The drug treatment studied involved flutamide pills three times daily
with periodic injections of either leuprolide acetate or goserelin. The
drugs suppress production of testosterone, which can fuel prostate
cancer growth.

Men in the drug-radiation group had more severe impotence and more
breast tissue enlargement than the radiation only group. But they had no
obvious evidence of the potentially more debilitating complications of
long-term treatment. Although those weren't specifically measured, they
usually don't appear until after at least a year of treatment, D'Amico
said.
In a JAMA editorial, Dr. Theodore DeWeese of Johns Hopkins University,
said the study did not address how the drug treatment affected patients'
quality of life. He also said the radiation dose was lower than is
frequently given, which might explain the differing survival rates.
Still, he called the study "extremely important" because of the survival
advantage shown.

knowledge is power - growing old is mandatory - growing wise is optional    
"Many more men die with prostate cancer than of it. Growing old is
invariably fatal. Prostate cancer is only sometimes so."
Leonard Evens - 19 Aug 2004 02:20 GMT
> August 18, 2004
>
[quoted text clipped - 79 lines]
> "Many more men die with prostate cancer than of it. Growing old is
> invariably fatal. Prostate cancer is only sometimes so."

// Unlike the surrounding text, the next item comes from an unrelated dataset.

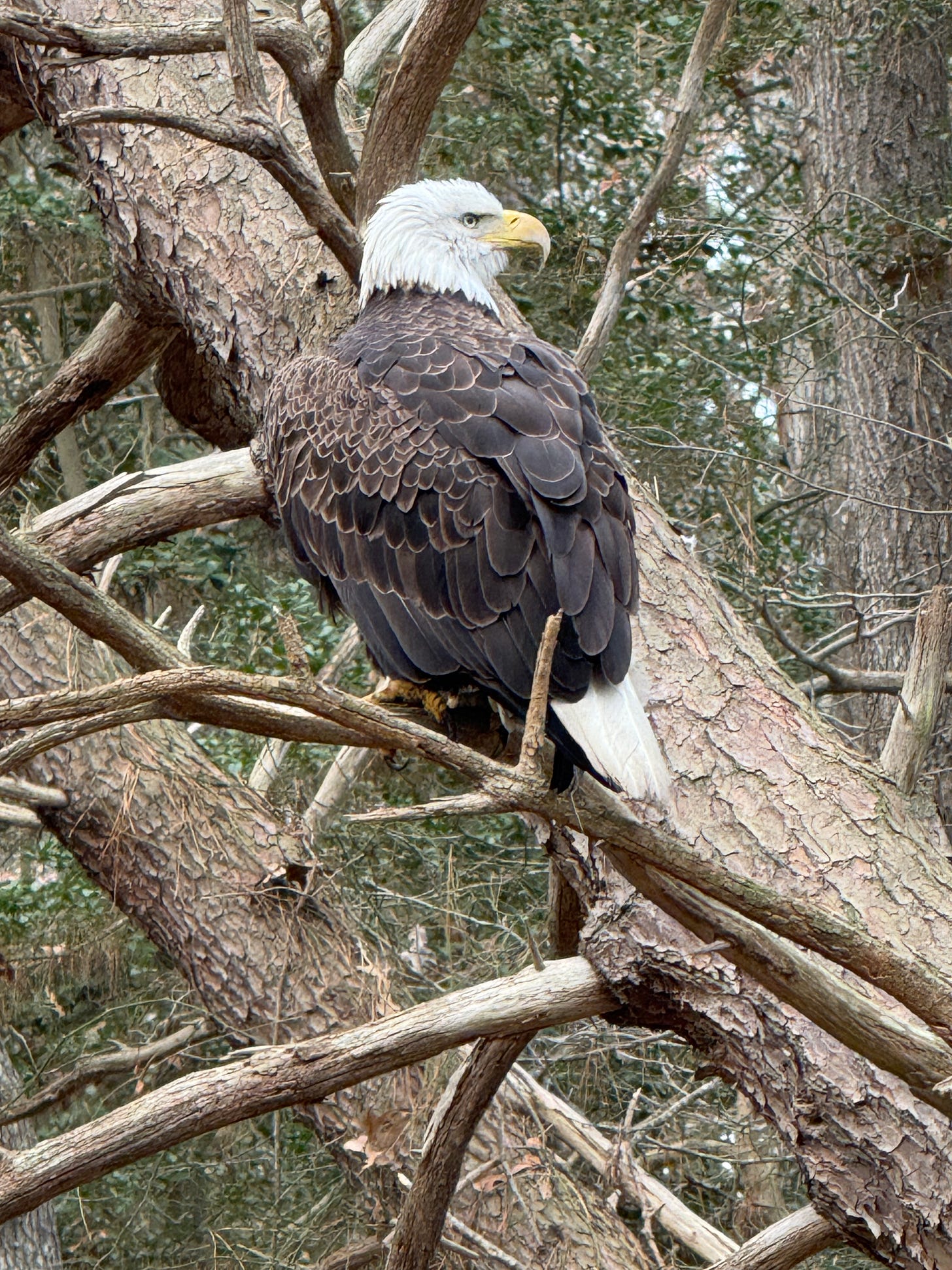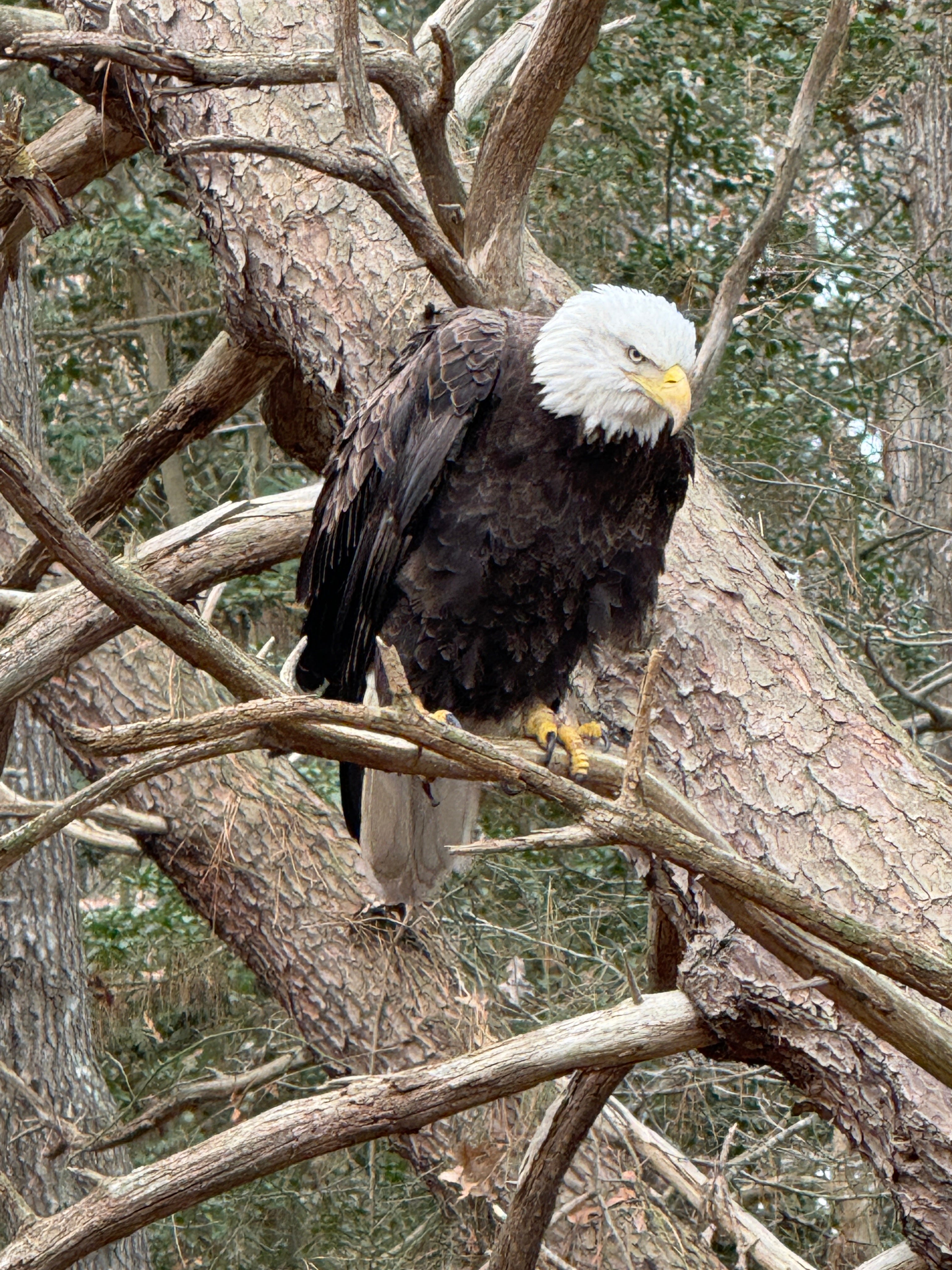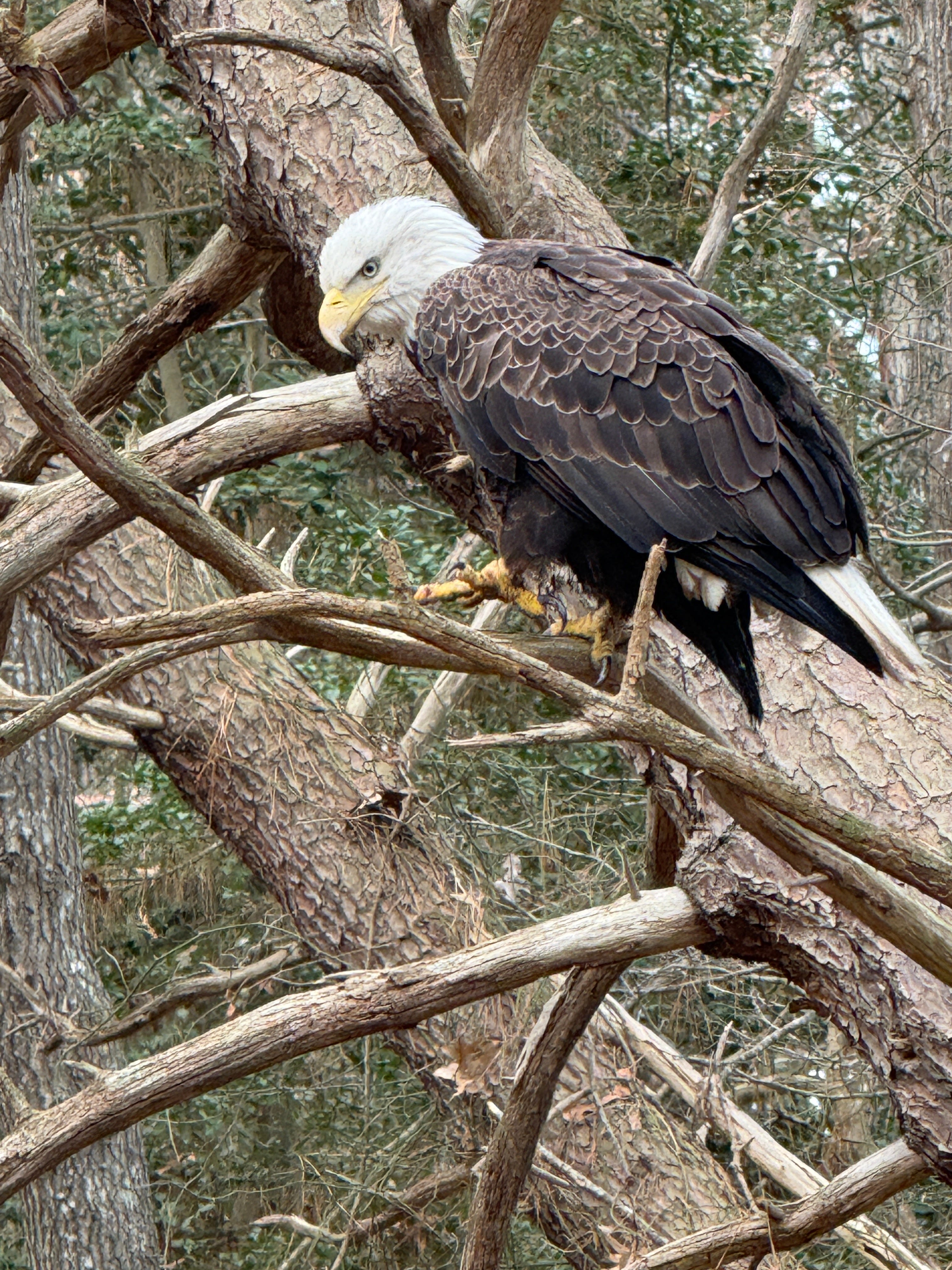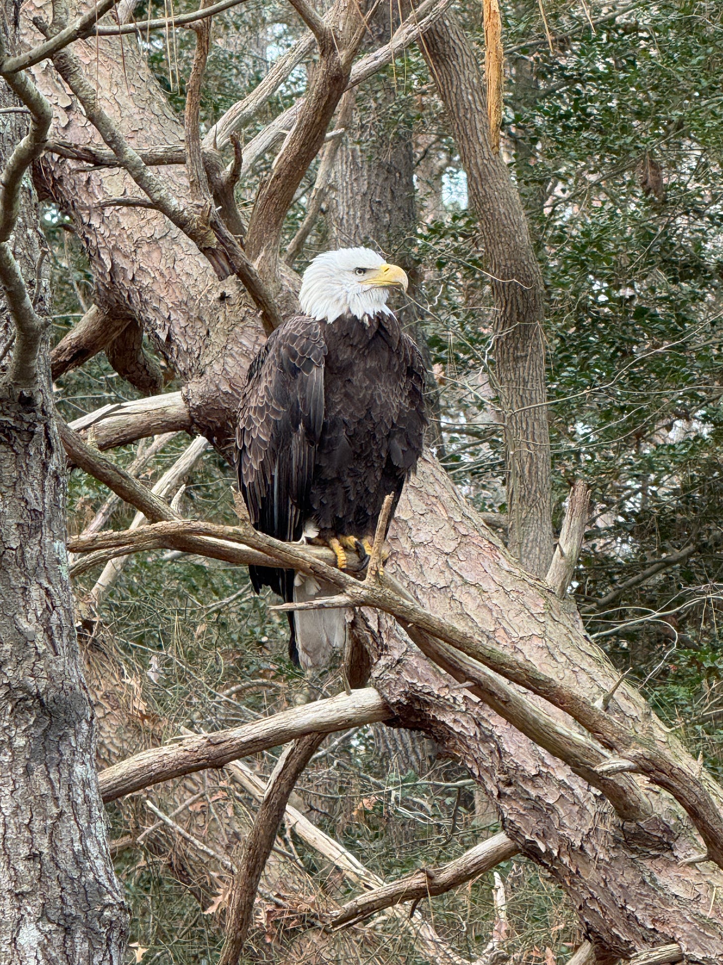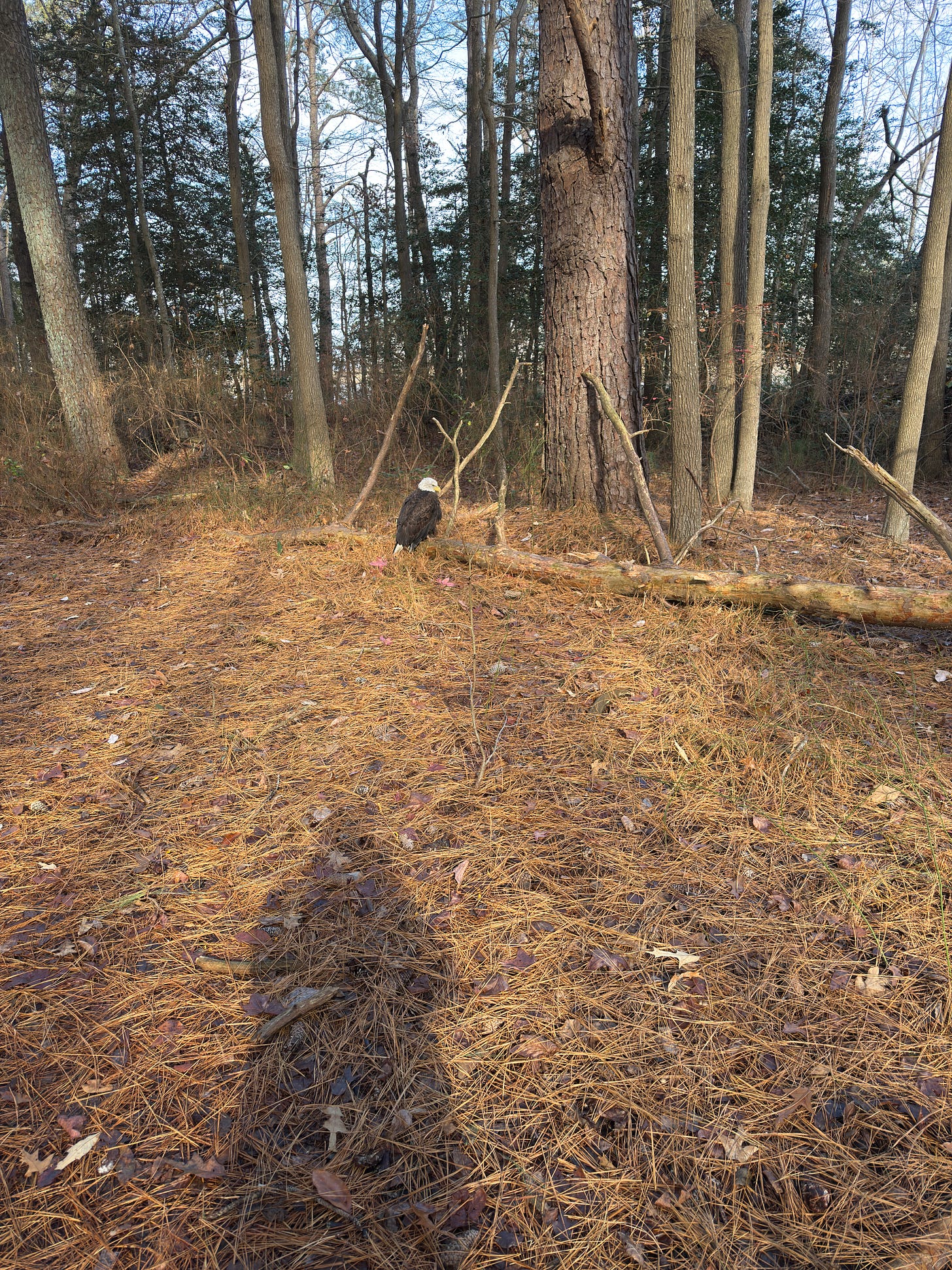 And the eagle landed… safe and sound in a carrier so it can be transferrred safely for rehab.

I've seen reports similar to this several times, and this is the first
which makes it fairly clear what sorts of men were being studied.  In
some of the reports they describe 5 year survival rates of 78 percent
and 88 percent respectively for those not receiving HT vs those
receiving HT.   But we see from this article that in fact only 6 men in
the radiation only group died of prostate cancer.   If 22 percent died
altogether,  the rest died of something else.   Similarly no men in the
HT group died of prostate cancer, so those that died did so from
something cause.   Such high overall death rates in both groups suggest
the men must have been relatively old.

But even this report is confusing.  It starts off by describing the men
as not having evidence that the cancer had spread.  But later is tells
us that they had either high PSA values or high Gleason scores.  But
such men are in fact at relatively high risk for spread after primary
treatment.   So the first statement must have meant simply that bone
scans and perhaps checks of lymph nodes didn't show anything.

In fact, for the great majority of men diagnosed these days with early
prostate cancer, the likelihood of not dying of prostate cancer within 5
years is close to 100 percent, whether they are treated or not.  That
include men with moderate PSAs and Gleasons in the range 5-7.

It shows you that media reports about scientific studies have to be read
with a great deal of skepticism.  Things that researchers will take for
granted and not feel they need to explain go right over the heads of the
reporters, who select out some facts and numbers and report those
without understanding their significance in the overall scheme of things.